Insulin Resistance as Related to Psychiatric Disorders in Obese Children

Objective: The current study aimed to investigate psychiatric consequences of obesity and the relationship between componenets of the metabolic syndrome and psychiatric disorders in children. Our second aim was to elucidate which of the anthropometric parameters or metabolic components were most strongly associated with psychiatric disorders. Methods: The study included 88 obese and overweight children with a body mass index (BMI) greater than 85th percentile. The patients were evaluated for psychiatric disorders by a single child and adolescent psychiatrist. Forty patients diagnosed with psychiatric disorders and 48 patients with normal psychiatric evaluation were compared in terms of anthropometric and metabolic parameters. BMI, BMI-standard deviation score and BMI percentile, waist circumference, waist to hip ratio, blood pressure and pubertal stage of all patients were recorded. Fasting serum glucose, insulin, lipid profile and homeostatic model assessments of insulin resistance (HOMA-IR) were measured to evaluate the metabolic parameters. Serum and 24 hour urine cortisol levels were measured. Results: HOMA-IR in the group with psychiatric disorders was found to be significantly higher than in the group without psychiatric disorders (6.59±3.36 vs 5.21±2.67; p=0.035).
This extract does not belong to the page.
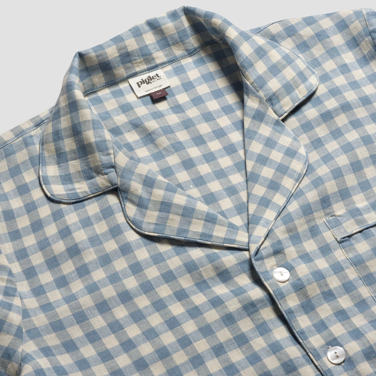 Made for those who like their sleepwear to be timeless yet comfortable, our Men’s Warm Blue Gingham pajama shirt is made from super soft 100% stonewashed linen. Linen keeps you cozy and warm in the winter and cool in the summer. Our linen pajama shirt can be paired with our pajama pants to complete the look.

Other anthropometric measurements and metabolic parameters were not significantly different between the two groups. Conclusion: An understanding of the relationships between obesity related medical comorbidities and psychiatric pathologies is important to encourage patients and their families to make successful healthy lifestyle changes and for weight management in terms of appropriate treatment.